Records —
● ● ● ● ● ● ●

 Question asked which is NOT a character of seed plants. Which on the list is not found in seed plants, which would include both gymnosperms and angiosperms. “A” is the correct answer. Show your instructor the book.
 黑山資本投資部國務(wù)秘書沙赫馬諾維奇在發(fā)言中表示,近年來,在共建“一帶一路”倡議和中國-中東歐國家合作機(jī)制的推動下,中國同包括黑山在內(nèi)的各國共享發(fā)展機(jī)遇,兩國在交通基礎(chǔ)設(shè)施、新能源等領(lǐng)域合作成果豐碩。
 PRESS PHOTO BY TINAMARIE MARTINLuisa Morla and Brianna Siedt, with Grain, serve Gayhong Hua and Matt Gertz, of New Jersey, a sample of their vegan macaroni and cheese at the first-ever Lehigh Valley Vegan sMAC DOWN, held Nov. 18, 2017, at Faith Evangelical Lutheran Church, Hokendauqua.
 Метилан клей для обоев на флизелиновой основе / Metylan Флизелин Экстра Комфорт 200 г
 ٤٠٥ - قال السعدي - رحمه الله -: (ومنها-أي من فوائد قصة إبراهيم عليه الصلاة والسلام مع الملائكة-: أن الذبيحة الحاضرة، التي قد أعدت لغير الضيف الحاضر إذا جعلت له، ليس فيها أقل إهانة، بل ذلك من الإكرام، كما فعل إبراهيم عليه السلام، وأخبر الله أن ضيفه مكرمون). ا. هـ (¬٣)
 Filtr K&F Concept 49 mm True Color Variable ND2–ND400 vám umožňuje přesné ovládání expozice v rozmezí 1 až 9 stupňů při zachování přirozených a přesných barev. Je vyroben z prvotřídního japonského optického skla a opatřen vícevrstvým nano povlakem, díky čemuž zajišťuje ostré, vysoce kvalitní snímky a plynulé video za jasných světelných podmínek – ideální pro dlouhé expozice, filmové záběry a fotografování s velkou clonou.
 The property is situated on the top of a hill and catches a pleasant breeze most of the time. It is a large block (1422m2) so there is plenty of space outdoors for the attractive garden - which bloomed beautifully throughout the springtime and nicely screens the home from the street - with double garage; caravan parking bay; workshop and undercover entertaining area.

● ● ● ● ● ● ●

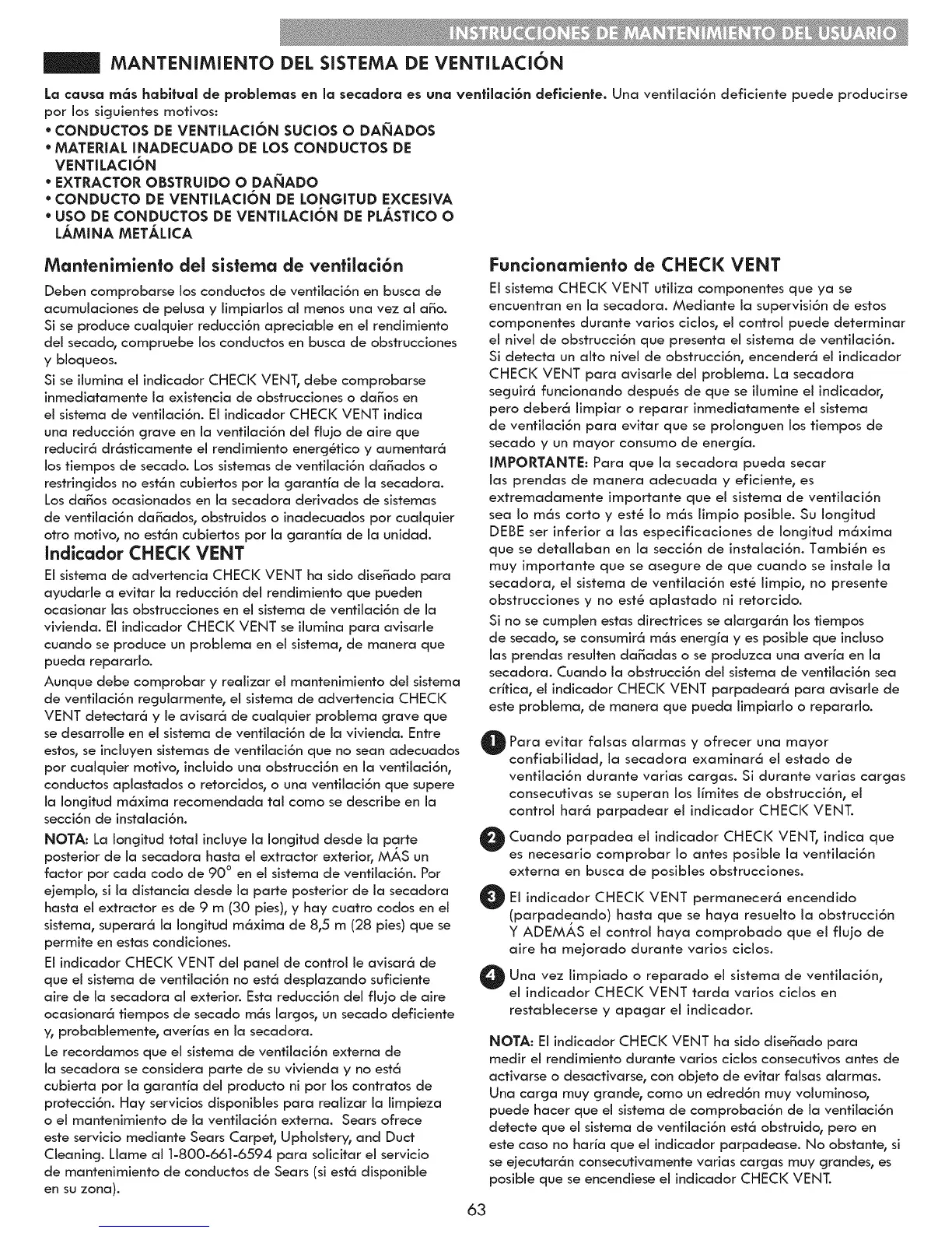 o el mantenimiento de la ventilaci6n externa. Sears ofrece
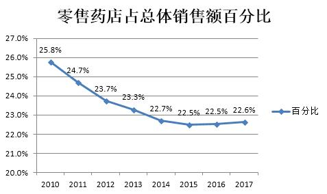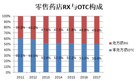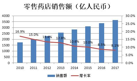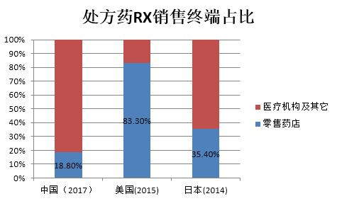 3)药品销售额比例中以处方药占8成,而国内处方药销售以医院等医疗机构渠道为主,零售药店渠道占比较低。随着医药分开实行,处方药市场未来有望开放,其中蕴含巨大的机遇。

● ● ● ● ● ● ●

What needs to be done — Check each line above for the string "with" and copy those that have it.

Output —
 PRESS PHOTO BY TINAMARIE MARTINLuisa Morla and Brianna Siedt, with Grain, serve Gayhong Hua and Matt Gertz, of New Jersey, a sample of their vegan macaroni and cheese at the first-ever Lehigh Valley Vegan sMAC DOWN, held Nov. 18, 2017, at Faith Evangelical Lutheran Church, Hokendauqua.
 The property is situated on the top of a hill and catches a pleasant breeze most of the time. It is a large block (1422m2) so there is plenty of space outdoors for the attractive garden - which bloomed beautifully throughout the springtime and nicely screens the home from the street - with double garage; caravan parking bay; workshop and undercover entertaining area.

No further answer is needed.